Shares vs. Rights

M

Mark Bierman

Can someone please tell me which superceedes which...

The rights that I give out when I create a shared drive vs. the rights that
I give out within the directory structure of that shared drive. Who wins?

e.g. I create a new shared drive when Domain Users have Change & Read right.
Then within that shared drive, I give Domain Users read only rights to a
specific directory.

Will the domain users be able to change a file in that directory because of
the shared drive rights, or did I just limit it by the specific rights
within the directory?

THANKS!

MB
 
S

Steven L Umbach

I am not quite sure about your question, but here goes. There are two types
of permissions, share and ntfs. Share permissions only apply to network
access, while ntfs is always there no matter what kind of logon.

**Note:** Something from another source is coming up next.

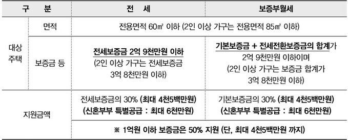 지원 대상 주택은 순수 전세주택과 보증부월세주택(반전세)으로, 보증금 한도는 1인 가구의 경우 순수 전세의 전세금 또는 보증부월세의 기본보증금과 전세전환보증금의 합이 2억9000만원 이하, 2인 이상 가구의 경우 최대 3억8000만원 이하의 주택이다.

If a user
is a member of multiple groups, then the most permissive of any group/user
permission applies unless there is a deny permission applied that generally
always wins except that for ntfs an explicit allow permission overrides and
inherited deny permission.

When both share and ntfs permisions apply to a user, the most restrictive
permission applies. For instance if a user has full controll permisions to a
share but only read for ntfs permission to a file in that share, then the
user ends up with a read permission. Hope that helps. -- Steve
 
O

Oli Restorick [MVP]

Hi Mark

Steven has given you the correct answer in another post.

I just wanted to point out that when you say "rights", we know what you
mean, but that word has a specific meaning in Windows NT operating systems
which isn't anything to do with file permissions.